Trial 0: Lower Dimensionality Data:

**Function**|**Flux runtime**|**Pytorch Runtime**|**Tensorflow Runtime**|**Flux Memory**|**Pytorch Memory**|**Tensorflow Memory**
:-----:|:-----:|:-----:|:-----:|:-----:|:-----:|:-----:
Conv|7.011 μs|31.213 μs|962.888 μs|3.80 KiB|400 B|2.20 KiB
DepthwiseConv|11.024 μs|120.869 μs**|899.810 μs|11.30 KiB|688 B|2.20 KiB
ConvTranspose|18.949 μs|25.888 μs|914.133 μs|19.83 KiB|416 B|2.20 KiB
Dense|432.454 ns|12.770 μs|2.172 ms|592 B|400 B|192 B
LSTM|19.842 ms|73.434 ms|217.620 ms|1.38 MiB|1.59 KiB|192 B
RNN|4.324 ms|272.183 μs|72.779 ms|193.02 KiB|192 B|192 B
BatchNorm|1.430 μs|132.111 μs|26.376 ms |2.28 KiB|192 B|192 B
GroupNorm|4.974 μs|68.747 μs|19.314 ms|2.81 KiB|192 B|1.70 KiB
LayerNorm|704.978 ns|20.479 μs|15.888 ms|880 B|192 B|720 B
CrossCor|7.688 μs|39.505 μs|1.772 ms|4.00 KiB|400 B|1.52 KiB

**_This function was not implemented in Pytorch so I had to use a custom implementation, written by Trevor Standley [https://discuss.pytorch.org/t/using-optimised-depthwise-convolutions/11819/15]._


After rigorous testing, it is seen that Flux outperforms both Pytorch and Tensorflow in runtime for low dimensional data, executing functions several magnitudes faster.
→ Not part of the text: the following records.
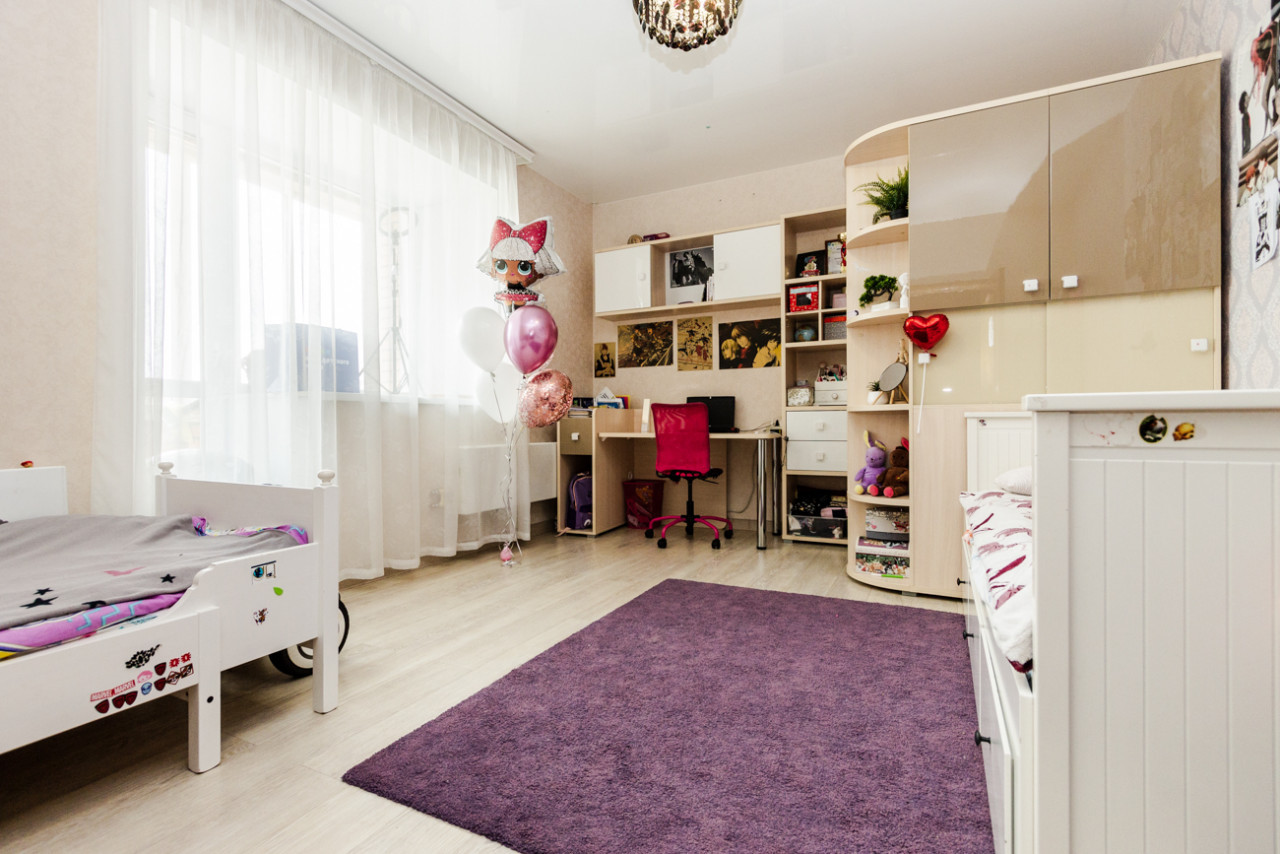 ПЛАНИРОВОЧНЫЕ РЕШЕНИЯ: В квартире уютная планировка: большая и светлая, удобная кухня 11 кв.м, большая гостиная 19 кв.м., укромная и тихая спальня 17 кв.м с выходом на лоджию, третья комната-детская 17 кв.м., в нежно розовых тонах, со своим гардеробом, с выходом на балкон.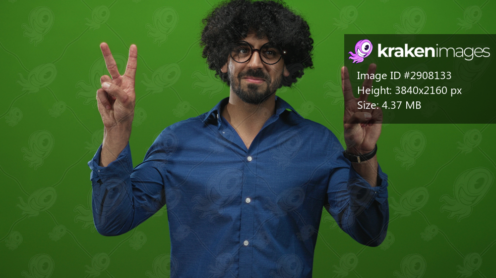 Man with curly hair and round glasses holding two finger peace sign showing hands in green studio; optimism hope.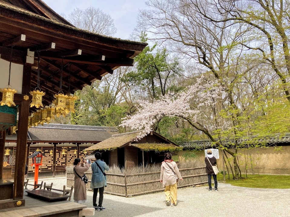 もう一つ目をひいたのが、鴨長明の方丈です。下鴨神社の神職、禰宜(ねぎ)の次男として生まれた鴨長明が58歳に構えた方丈の庵のレプリガがありました。すごく質素な構えでしたが、屋根の草と桜が綺麗でした。

However, this advantage is not maintained when working with high dimensionality data representative of real-world use cases, where Flux performs generally performs worse than Pytorch and Tensorflow. This might be indicative of a scaling problem for data of higher dimensions. In terms of space efficiency, Pytorch performs the best, while Flux and Tensorflow achieve similar performance.